- [Supplied data]:
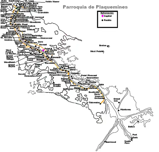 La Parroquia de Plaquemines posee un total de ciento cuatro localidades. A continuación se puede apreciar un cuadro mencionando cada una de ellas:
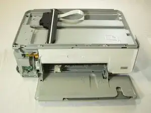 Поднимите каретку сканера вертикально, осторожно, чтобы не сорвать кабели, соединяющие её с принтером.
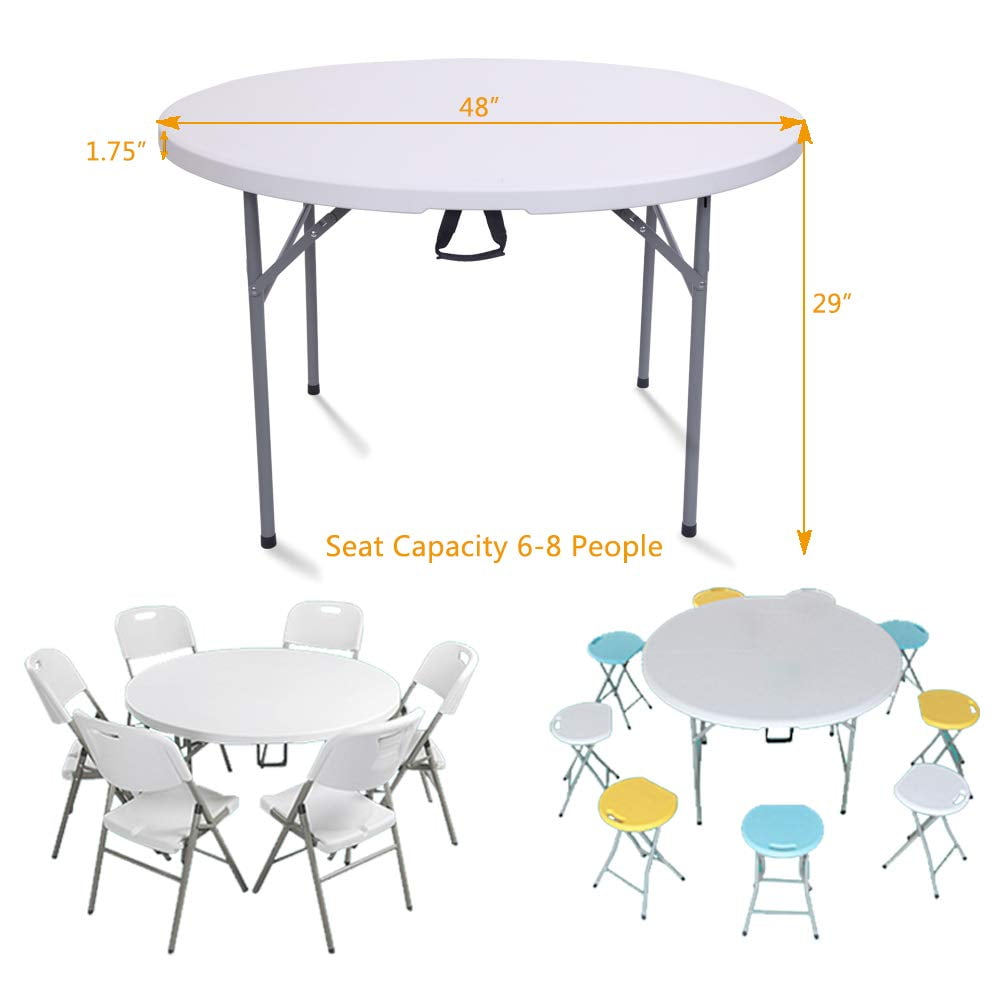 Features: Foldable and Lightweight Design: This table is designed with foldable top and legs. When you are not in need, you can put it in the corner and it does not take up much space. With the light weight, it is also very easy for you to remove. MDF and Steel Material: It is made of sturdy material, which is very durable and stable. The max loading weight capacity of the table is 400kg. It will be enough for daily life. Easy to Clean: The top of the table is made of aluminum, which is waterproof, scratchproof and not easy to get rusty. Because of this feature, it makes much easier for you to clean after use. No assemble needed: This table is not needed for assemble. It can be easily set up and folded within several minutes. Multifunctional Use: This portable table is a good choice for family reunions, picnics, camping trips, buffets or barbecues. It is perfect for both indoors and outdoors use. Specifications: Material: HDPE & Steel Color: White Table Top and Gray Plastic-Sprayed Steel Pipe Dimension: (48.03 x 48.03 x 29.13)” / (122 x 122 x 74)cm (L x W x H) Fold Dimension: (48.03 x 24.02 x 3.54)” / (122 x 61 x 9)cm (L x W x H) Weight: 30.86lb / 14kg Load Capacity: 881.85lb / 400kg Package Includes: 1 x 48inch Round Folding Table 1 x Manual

* * *

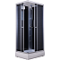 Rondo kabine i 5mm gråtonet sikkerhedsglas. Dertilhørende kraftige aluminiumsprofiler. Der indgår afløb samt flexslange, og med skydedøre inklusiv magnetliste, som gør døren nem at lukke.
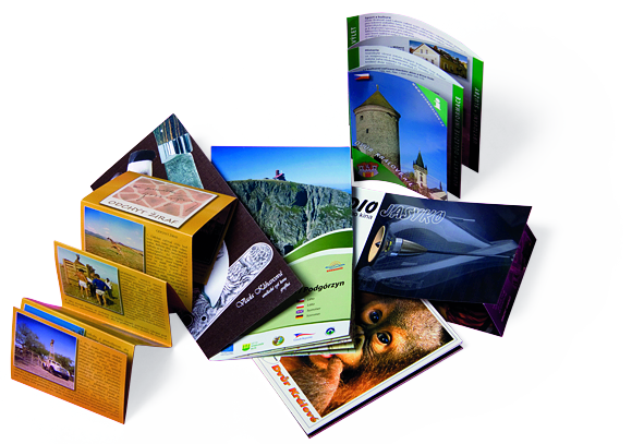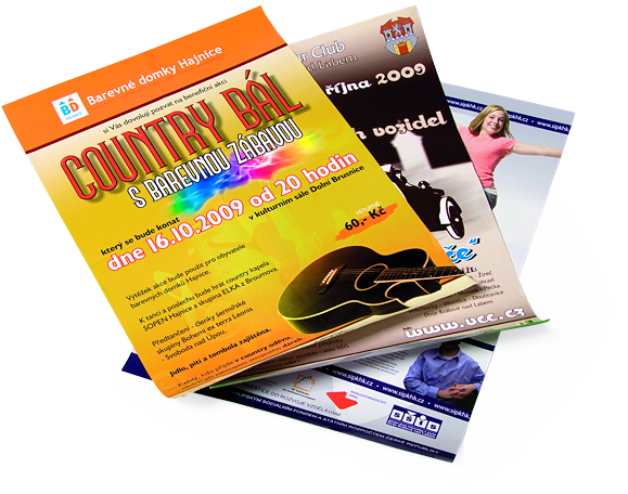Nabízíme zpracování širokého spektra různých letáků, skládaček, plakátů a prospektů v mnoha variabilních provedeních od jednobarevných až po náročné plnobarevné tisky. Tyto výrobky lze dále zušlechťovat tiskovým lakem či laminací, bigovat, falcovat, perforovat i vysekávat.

- [About this exercise]:
Reproduce word for word, with pictures dropped, only the part of the material above that opens with the line containing "Rondo kabine i" and closes with the line containing "Nabízíme zpracování širokého".

- [Result for this exercise]:
 Rondo kabine i 5mm gråtonet sikkerhedsglas. Dertilhørende kraftige aluminiumsprofiler. Der indgår afløb samt flexslange, og med skydedøre inklusiv magnetliste, som gør døren nem at lukke.
Nabízíme zpracování širokého spektra různých letáků, skládaček, plakátů a prospektů v mnoha variabilních provedeních od jednobarevných až po náročné plnobarevné tisky. Tyto výrobky lze dále zušlechťovat tiskovým lakem či laminací, bigovat, falcovat, perforovat i vysekávat.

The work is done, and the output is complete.